For repeat workflows, keep the same Rube session ID when appropriate so tool discovery and execution context remain connected.
rafflys-automation skill FAQ
Is rafflys-automation beginner-friendly?
It is beginner-friendly if your client already supports MCP tools. The skill gives a clear setup path: add Rube MCP, verify RUBE_SEARCH_TOOLS, manage the Rafflys connection, then discover tools. Beginners may still need help completing the Rafflys authorization flow returned by RUBE_MANAGE_CONNECTIONS.
When should I not use rafflys-automation?
Do not use it when you need offline automation, local-only scripts, or a fixed Rafflys API wrapper. This skill is built around live Composio/Rube tool discovery. It is also a poor fit if your organization does not allow MCP server connections or third-party workflow tooling.
How does it compare with direct Rafflys API work?
Direct API work may be better for production code where you need versioned endpoints, tests, and strict deployment controls. rafflys-automation is better for agent-driven operations where the assistant can inspect current schemas and perform tasks interactively through Composio’s Rafflys toolkit.
Does rafflys-automation for Workflow Automation require coding?
Usually no. The skill is prompt-and-tool driven. You need to configure MCP and authorize the Rafflys toolkit, but routine usage is mostly about describing the workflow clearly and letting the agent discover and call the right tools.
How to Improve rafflys-automation skill
Improve rafflys-automation inputs
The fastest way to improve results is to replace vague goals with operational details. Include the Rafflys task type, target records, constraints, time range, success condition, and whether the agent may execute immediately or must ask for approval.
Example:
“Find Rafflys tools for exporting entries from campaign X between May 1 and May 31. Do not execute until you show me the required schema fields and confirm which fields are missing.”
Prevent common failure modes
The main failure modes are skipped tool discovery, inactive connection, stale assumptions about tool parameters, and missing required fields. Counter them directly in your prompt: require RUBE_SEARCH_TOOLS first, require a connection check, and instruct the agent to ask questions instead of fabricating values.
If a call fails, ask the agent to compare the attempted payload against the latest returned schema before retrying.
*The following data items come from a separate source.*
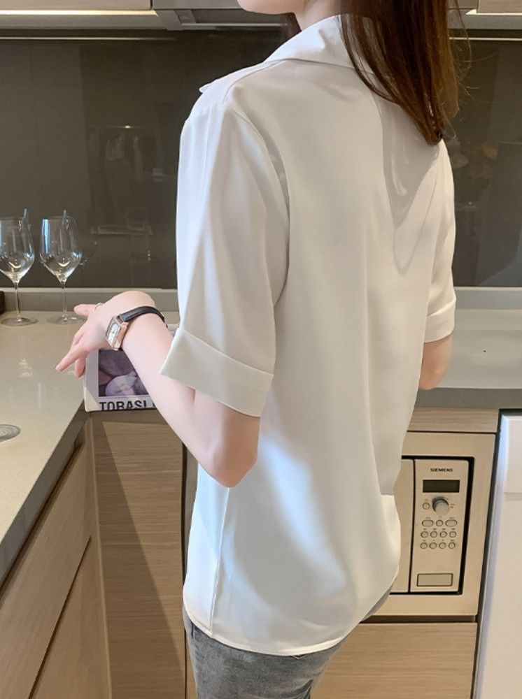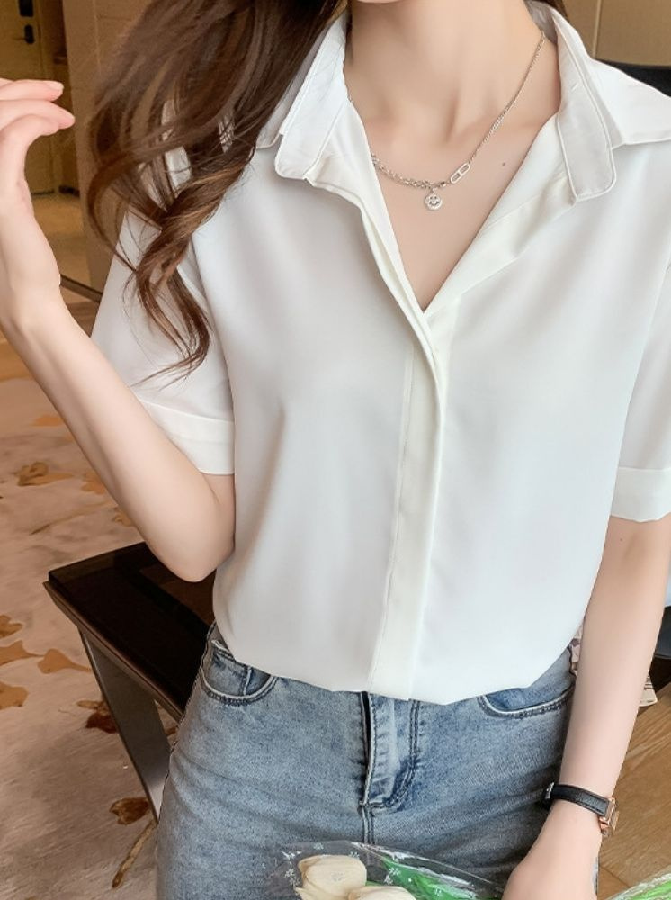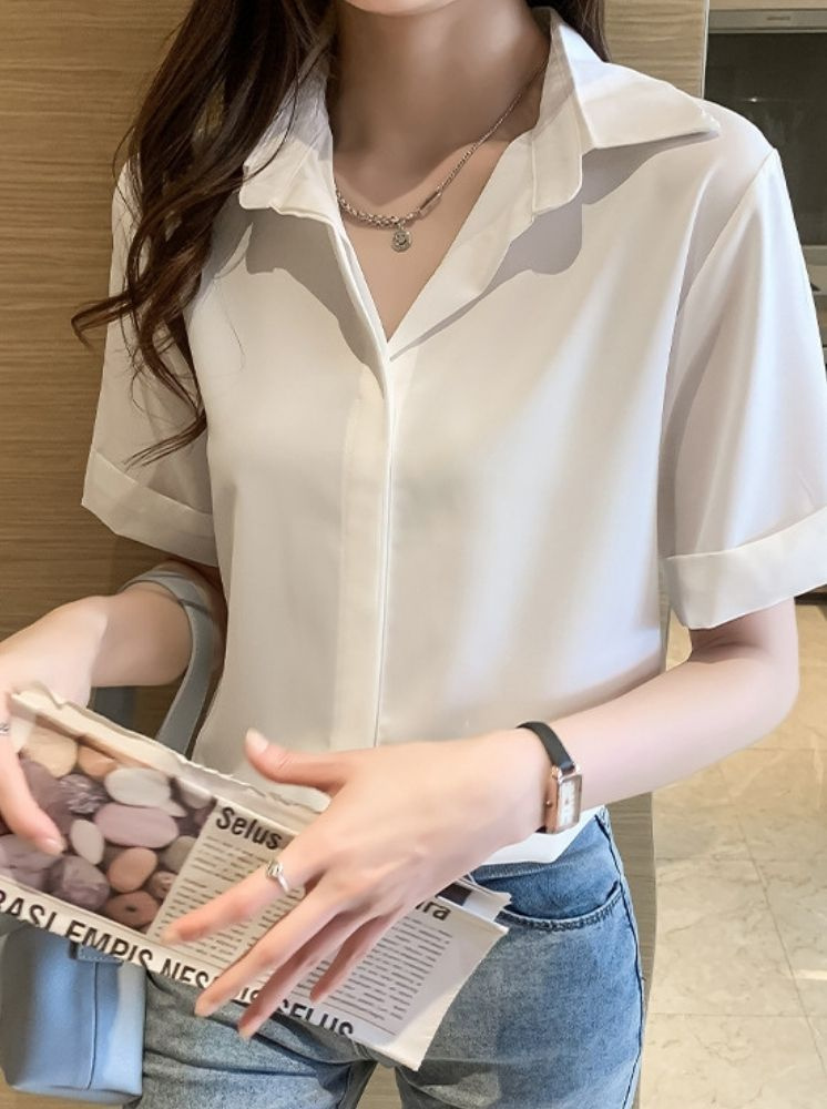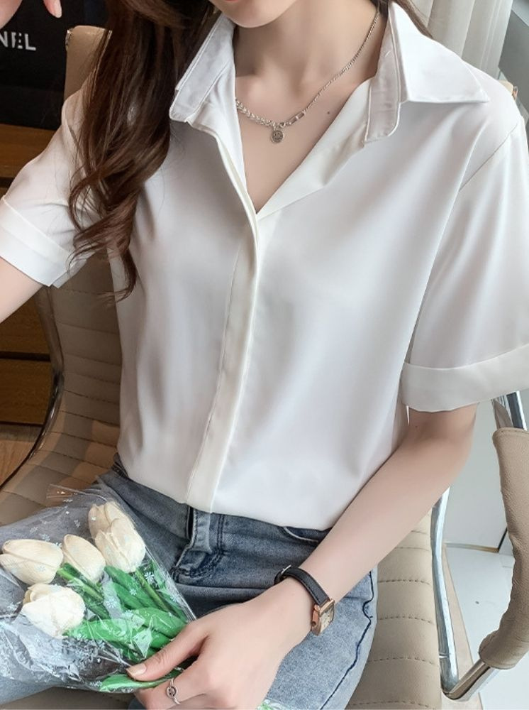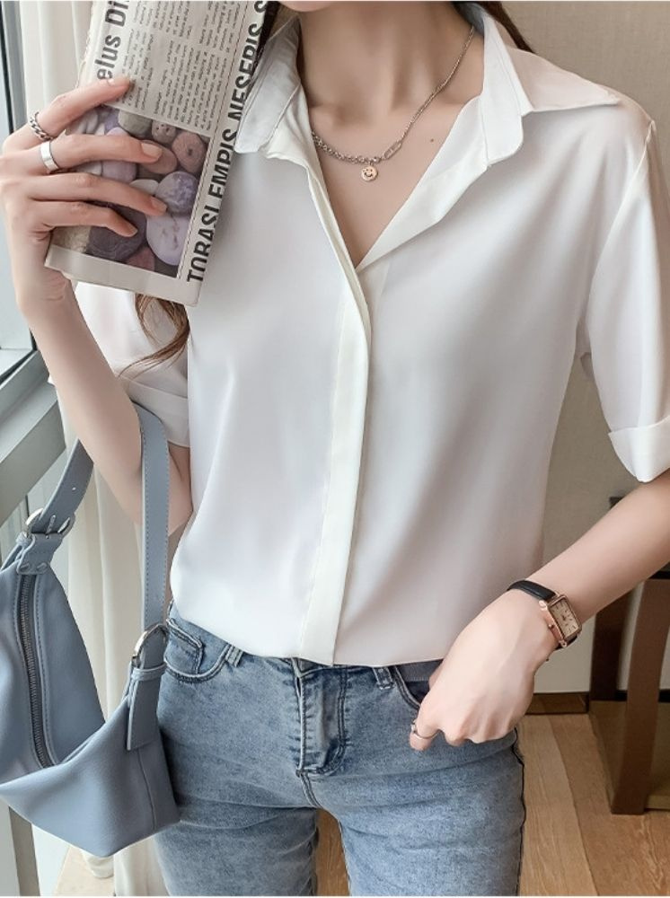素雅短袖雪紡襯衫-白:選擇尺寸
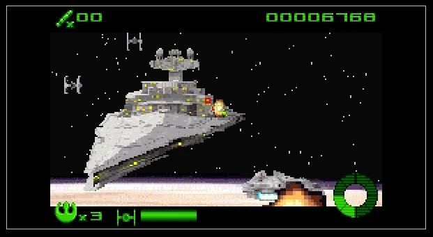 The next level, if you can make it past the endless spawn of Tie Fighters, has you riding a speeder bike through Mos Eisley. The graphics are again in a limited 3D engine, as you try to desperately steer left and right to avoid the incoming walls. The terrible flying controls of the first level are now being put to the test in a proper 3D space, and I've never been able to get past it.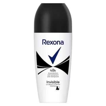 Rexona Womens Roll-On Invisible B&W är en deodorant med antiperspirant. Den minskar risken för fläckar på kläderna. Vissa deodoranter kan ge gula fläckar på vita kläder och vita fläcka på svarta kläder. Med Rexona Invisible Dry Black + White behöver du inte tänka på vilken färg du har på dig. deodoranten skyddar håller dig torr och skyddar mot lukt i upp till 48 timmar. 50 ml.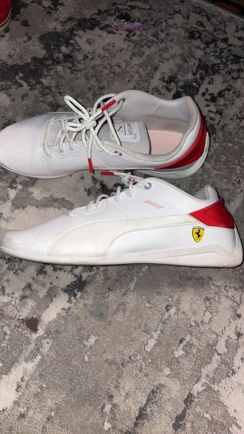 Selling a pair of Puma Ferrari Race sneakers in white and red! They are in great condition and are a US size 11.5. These sneakers have a sleek design and are perfect for everyday wear or showing off your love for Ferrari

Iterate after the first output
After the first response, refine by narrowing scope: “only active campaigns,” “return a CSV-ready summary,” “exclude test records,” or “dry-run the update plan first.” For destructive or high-impact operations, add an approval checkpoint between schema discovery and execution.
What repository improvements would help
The upstream skill would be stronger with more example Rafflys use cases, sample RUBE_SEARCH_TOOLS queries, and safe execution patterns for create/update/delete actions. Until then, treat SKILL.md as the authoritative guide and make your own prompts explicit about schema discovery, connection status, and approval boundaries.